Montessori has a reputation for being expensive and difficult to implement. I'm not going to say that those assumptions are not always true. Traditional Montessori materials, specifically, can be really expensive and difficult to learn to use. And, when you're coming from a traditional parenting or education background moving toward Montessori can feel particularly overwhelming. 

But, you don't need to do everything at once to get started with Montessori. You don't need traditional materials, you don't need to change every thing you own over night, you don't need to make big expensive changes. You can go slowly. You can make the changes that fit best into your family's cultural norms and what works for your particular child. Here are a few free ideas to get started with Montessori at home. 

Observe

Observation is at the heart of the Montessori method. Without observation we don't know which toys or materials to put into our homes. Without observation, we don't know why our children might be responding a certain way or what they need in a particular situation. Keep in mind: 
  • observe without expectation - this isn't the time to try and change behavior, but understand it
  • watch big movements and small ones 
  • observe how your child can access the environment - what do they need help with? what can they do independently? 
  • keep yourself as quiet and still as possible, recording your notes (or even sitting on your hands) can keep you from intervening
Read more about observation here: Observation and the Prepared Adult

Simplify 

Dr. Montessori discovered that children really flourish in an environment that is specially prepared for them. This environment should be simple and organized which helps a child see and use the materials available. Simplifying your environment is something you can do for free, the exact toys and things in the environment don't have to be special. You can use exactly what you have. But by simplifying, your child will be able to access a lot more easily and work (or play) more independently. Try this: 
  • Go through your house and remove toys that aren't used by your children. Maybe it's toys they have outgrown, have no interest in or have broken or missing pieces. You don't need to get rid of them, but make them so your children can access them.  
  • Go through the toys that are left and organize them so all the parts of that toy are together. Instead of throwing them into a toy box or bins, try dedicating a specific spot for them in your home. Maybe it's on the floor along a wall, or maybe a spot on a bookshelf or coffee table - use whatever you have. 
  • If it still seems like you have a lot of toys or things available to your child, try a toy rotation. Remove some that might not be current favorites or toys that do similar things and just keep one option accessible. Always make sure your choices are made based on your personal observations. 

Once you feel like your toys have been simplified, you can try doing something similar with other things your children access on a daily basis like clothes, cups/plates, art supplies, and more. The simpler you can make your environment, the easier it will be for your children to access. 

Read more about simplifying: A Montessori Approach to Purging Your Toys

Slow Down

So much of what is at the core of Montessori is moving through life at the pace of the child. We want to follow the child through their development, at whatever speed that might be. It often means, however, that we need to put our adult ideas, ambition, and pace aside to really follow the child in their interests and developmental path. Here are some ways to keep it slow: 
  • Resist the urge to move your child from one activity to the next.

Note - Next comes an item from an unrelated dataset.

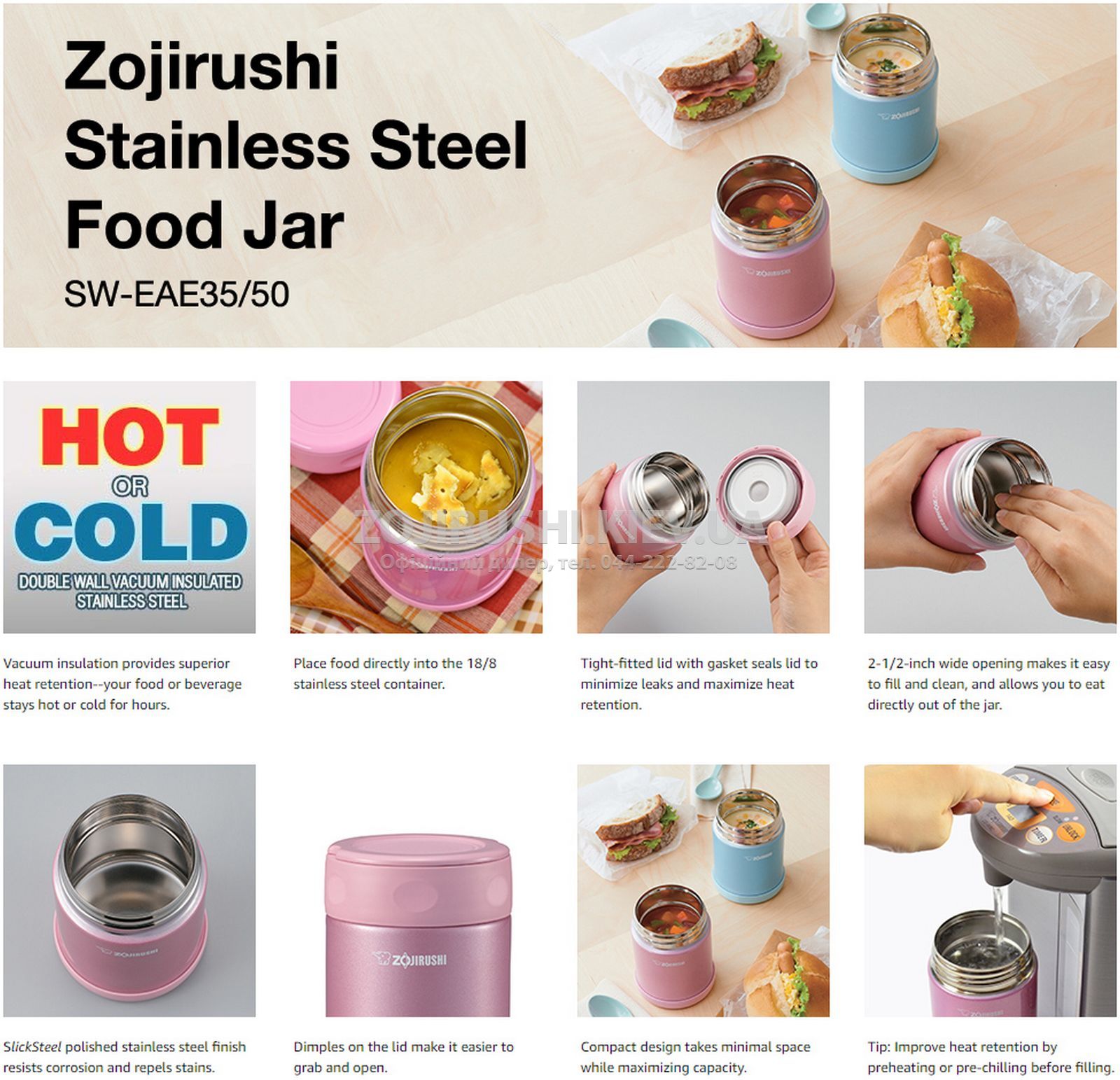 Термос харчової японської компанії Zojirushi SW-EAE50 об'ємом 0,5 літра. У ньому ви можете зберігати перші чи другі, гарячі чи холодні страви, напої, супи, каші, десерти. Його щільно встановлена кришка з прокладкою, дозволяє мінімізувати витік і максимізувати збереження тепла. ОСОБЛИВОСТІ ХАРЧОВОГО ТЕРМОСУ японський багатонаціональний виробник та продавець термосів, включаючи хлібопічок, рисоварок, електричних чайників, термопотів, а також диспенсерів для напоїв та побутової електроніки. Компанія була заснована в 1918 році як Торгова компанія братів Ітікава в Осаці, а в 1948 році була перетворена на Kyowa Manufacturing Co., Ltd. У 1961 році її назва була знову змінена на Zojirushi Corporation і був прийнятий її корпоративний логотип, включаючи слоника (Zojirushi означає «знак слона»). Вона має філію в Південній Кореї та дочірні компанії в Тайвані, Китаї, Гонконгу та США. Zojirushi котирується на Токійській фондовій біржі. ЧОМУ ZOJIRUSHI КРАЩИЙ ТЕРМОС ДЛЯ ЇЖИ? в світі. Zojirushi - це не лише найкращий японський термос, а й найкращий термос із випуску, що підтверджують продажі компанії по всьому світу, які досягли $1 млрд у 2020 році, що робить Зоджірусі лідером не тільки в якості, а й у доходах.

Allow for repetition of the same toy, game, book, or interest. Let them work (play) until they are satisfied with the activity to extend their powers of concentration. 
  • Offer lots of free time for your children to explore their environment and their interests. Avoid over-scheduling or too many adult-led activities. 
  • Get down on your child's level and speak slowly. Give them time to respond, time to ask questions and time to ponder. Avoid giving them every answer or too much information too early, allow them to make discoveries on their own and in their own way. 
Read more about slowing down: What does it mean to "follow the child?"


There are so many other free ways to incorporate Montessori into your parenting and into your life. In fact, I would argue that these things are even more important than anything you could buy to give to your child. Montessori, at its core, is about respect and following the child. Even without any other changes, a few simple shifts in how we see the child can make a huge difference. 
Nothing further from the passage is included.